Review of ‘Master and Commander’ by Patrick O’Brian


Master-and-CommanderPatrick O’Brian, Master and Commander (Philadelphia: Lippincott, 1969). Hardcover | Paperback | Kindle

Several years ago, I read The Complete Aubrey-Maturin Novels, which begins with Master and Commander. They recount the exploits and misfortunes of Jack Aubrey, a rising British naval officer, and Stephen Maturin, his friend and ship’s doctor, across the globe in the first two decades of the Nineteenth Century. “The best way to think of these novels,” Patrick Reardon has written, “is as a single 5,000-page book.”

If you, like me, are a series reader, Master and Commander will suck you in. Set in the western Mediterranean, it follows Aubrey as he takes command of the sloop Sophie to harass Spanish and French merchant marine and navies alike. The battle sequences are well drawn, but most of the novel takes place in calmer seas and on land. O’Brian’s character studies are insightful: Aubrey and Maturin are almost perfect “types” of the choleric and melancholic humors, respectively. In addition to sailing (Aubrey’s expertise), the reader will be immersed to the natural philosophy of that era (Maturin’s expertise).

Master and Commander and the other novels in the series are pegged as historical fiction, and indeed the novels draw inspiration from British naval warfare in the Napoleonic Age. What is difficult to convey in a review is the sheer literary beauty of O’Brian’s prose. I am a fan of Bernard Cornwell’s Richard Sharpe novels. They are set in the same era as the Aubrey-Maturin novels, though they focus on the British army. But Cornwell is to O’Brian what Lee Child (of whom I’m also a fan) is to Tolstoy. O’Brian’s novels, in other words, in addition to being well told, attain to high literary art in a way that Cornwell’s do not.

Recently, my Uncle Paul found an entire set of Aubrey-Maturin first editions, including the first edition of O’Brian’s unfinished twenty-first novel, and gave it to me as a present. (Yes, I am a lucky nephew!) I decided to reread Master and Commander. Just as the first time, Master and Commander drew me in; now I’m committed to reading the entire series again.
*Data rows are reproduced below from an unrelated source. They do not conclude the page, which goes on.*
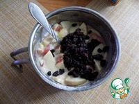 Описание: Заливной пирог на кислом молоке с яблоками, тёмным изюмом и ванилью, тесто которого я сделала с добавлением Геркулеса в пшеничную муку. Это именно-пирог, а не шарлотка. От того что я взяла много яблок, внутри пирог немного влажный. В меру сладкий, с ароматом ванили, яблок и изюма. Остывший вкусней для меня, хотя и от тёплого я тоже не удержалась и съела кусочек.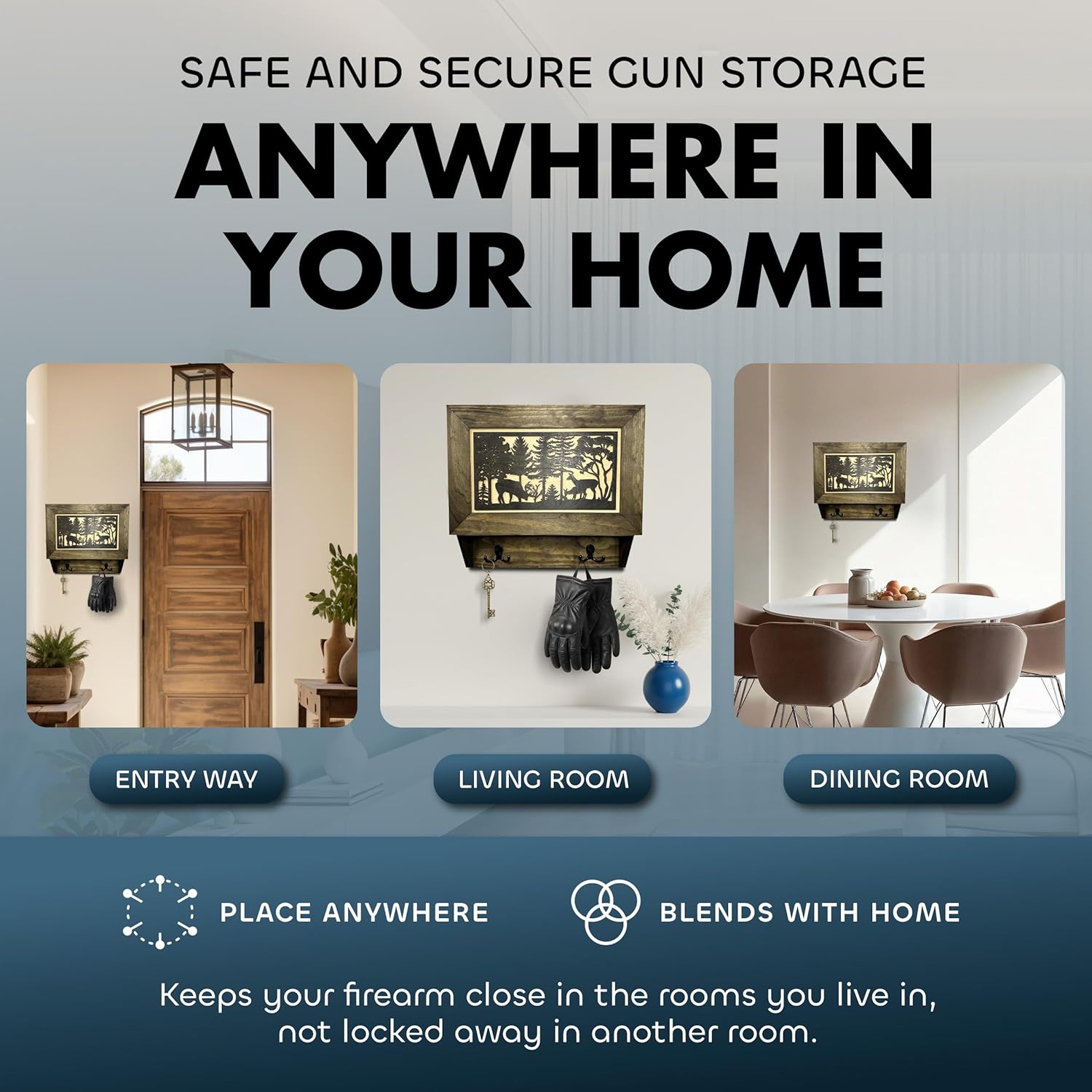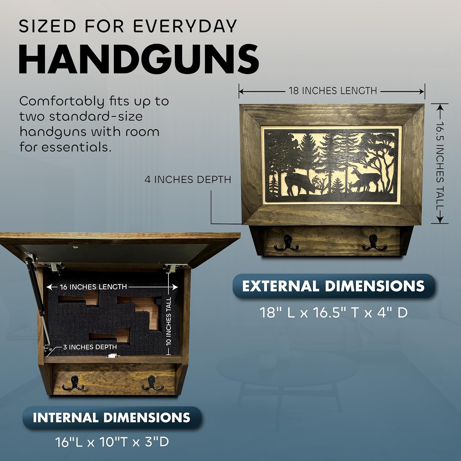 - AMERICAN MADE NATURE INSPIRED DESIGN: Handcrafted in the USA with family-owned care, our Deer Hunter hidden gun shelf is constructed for long-term durability and a refined finish suited for home décor. It provides decorative wall art with discreet firearm storage that enhances any room.
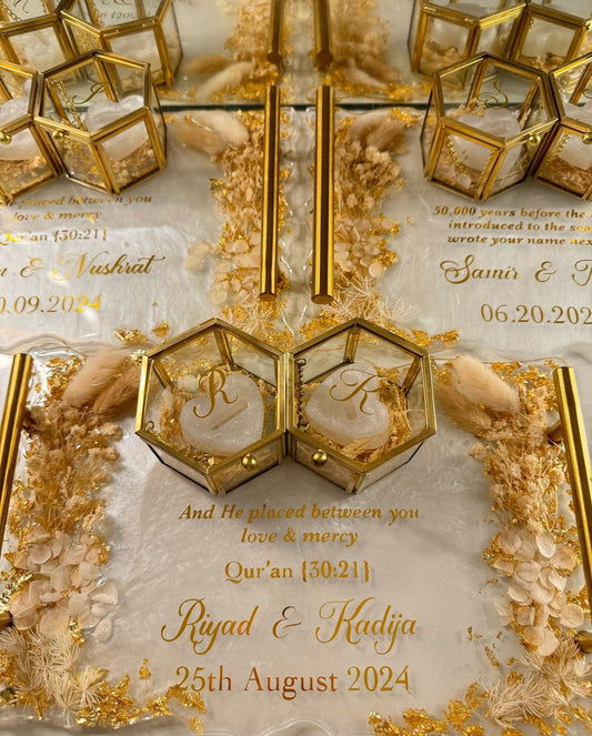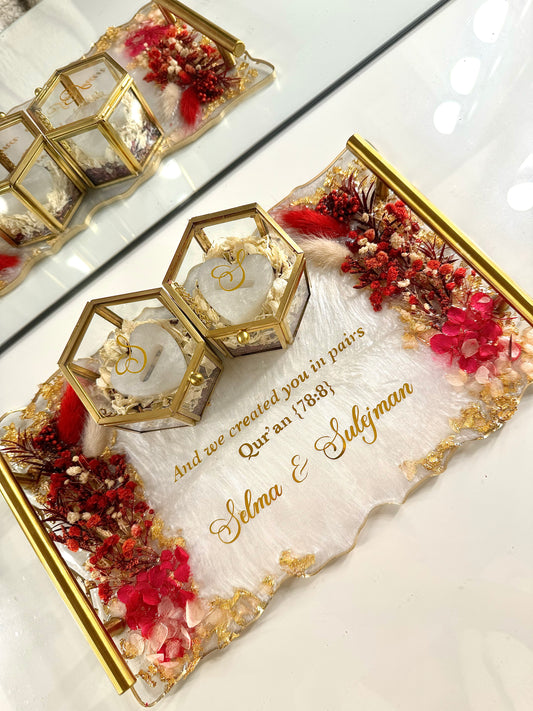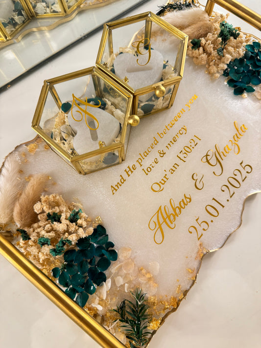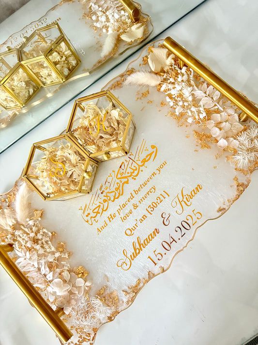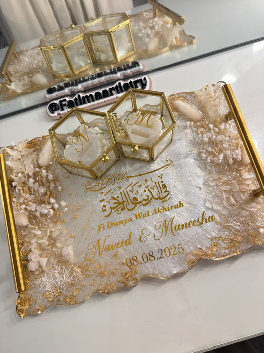 I have now received the plate & the ring boxes & all I can say is wow Allahumabarik! It is beautiful, it is so much more regal in real life. I honestly cannot get over how nice it looks m’A. Jazak’allah so much and I’m so glad I trusted you with this order! Xx -

One thing that I had forgotten but was reminded of as I read: O’Brian assumes a familiarity with the British Navy, sailing, and geography that most landlubbers (like me) won’t have. It might be helpful to purchase Jack Aubrey Commands: A Historical Companion to the Naval World of Patrick O’Brian, Patrick O’Brian’s Navy: The Illustrated Companion to Jack Aubrey’s World, and/or A Sea of Words: A Lexicon and Companion to the Complete Seafaring Tales of Patrick O’Brian as background reading. They will enrich your understanding of the entire series.